Isabel remained at home a week.

During her first meeting with Rowan, she effaced all evidences that there had ever been a love affair between them. They resumed their social relations temporarily and for a definite purpose—this was what she made him understand at the outset and to the end. All that she said to him, all that she did, had no further significance than her general interest in his welfare and her determination to silence the scandal for which she herself was in a way innocently responsible. Their old life without reference to it was assumed to be ended; and she put all her interest into what she assumed to be his new life; this she spoke of as a certainty, keeping herself out of it as related to it in any way. She forced him to talk about his work, his plans, his ambitions; made him feel always not only that she did not wish to see him suffer, but that she expected to see him succeed.

They were seen walking together and driving together. He demurred, but she insisted. "I will not accept such a sacrifice," he said, but she overruled him by her reply: "It is not a sacrifice; it is a vindication of myself, that you cannot oppose." But he knew that there was more in it than what she called vindication of herself; there was the fighting friendship of a comrade.

During these days, Isabel met cold faces. She found herself a fresh target for criticism, a further source of misunderstanding. And there was fresh suffering, too, which no one could have foreseen. Late one twilight when she and Rowan were driving, they passed Marguerite driving also, she being still a guest at the Merediths', and getting well. Each carriage was driving slowly, and the road was not wide, and the wheels almost locked, and there was time enough for everything to be seen. And the next day, Marguerite went home from the Merediths' and passed into a second long illness.

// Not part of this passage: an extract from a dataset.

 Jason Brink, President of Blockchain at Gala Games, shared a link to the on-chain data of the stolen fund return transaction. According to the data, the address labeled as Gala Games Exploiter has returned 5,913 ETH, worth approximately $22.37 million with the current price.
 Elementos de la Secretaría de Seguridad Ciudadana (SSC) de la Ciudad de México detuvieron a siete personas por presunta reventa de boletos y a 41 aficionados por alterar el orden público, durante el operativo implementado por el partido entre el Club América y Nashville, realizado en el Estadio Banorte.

The day came for Isabel to leave—she was going away to remain a long time, a year, two years. They had had their last drive and twilight was falling when they returned to the Hardages'. She was standing on the steps as she gave him both her hands.

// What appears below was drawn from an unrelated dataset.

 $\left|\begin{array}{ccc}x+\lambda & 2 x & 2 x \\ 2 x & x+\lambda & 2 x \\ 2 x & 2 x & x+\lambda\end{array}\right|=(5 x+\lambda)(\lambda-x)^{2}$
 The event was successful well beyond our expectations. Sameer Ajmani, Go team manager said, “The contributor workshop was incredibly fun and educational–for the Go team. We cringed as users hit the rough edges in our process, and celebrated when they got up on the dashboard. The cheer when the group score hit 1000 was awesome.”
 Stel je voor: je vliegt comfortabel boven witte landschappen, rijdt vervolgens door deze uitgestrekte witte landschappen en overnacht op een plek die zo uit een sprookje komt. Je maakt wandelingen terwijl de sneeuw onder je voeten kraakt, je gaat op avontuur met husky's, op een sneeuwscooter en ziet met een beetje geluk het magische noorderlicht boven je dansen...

"Good-by," she said, in the voice of one who had finished her work. "I hardly know what to say—I have said everything. Perhaps I ought to tell you my last feeling is, that you will make life a success, that nothing will pull you down. I suppose that the life of each of us, if it is worth while, is not made up of one great effort and of one failure or of one success, but of many efforts, many failures, partial successes. But I am afraid we all try at first to realize our dreams. Good-by!"

"Marry me," he said, tightening his grasp on her hands and speaking as though he had the right.

She stepped quickly back from him. She felt a shock, a delicate wound, and she said with a proud tear: "I did not think you would so misjudge me in all that I have been trying to do."

She went quickly in.

VII

It was a morning in the middle of October when Dent and Pansy were married.

The night before had been cool and clear after a rain and a long-speared frost had fallen. Even before the sun lifted itself above the white land, a full red rose of the sky behind the rotting barn, those early abroad foresaw what the day would be. Nature had taken personal interest in this union of her two children, who worshipped her in their work and guarded her laws in their characters, and had arranged that she herself should be present in bridal livery.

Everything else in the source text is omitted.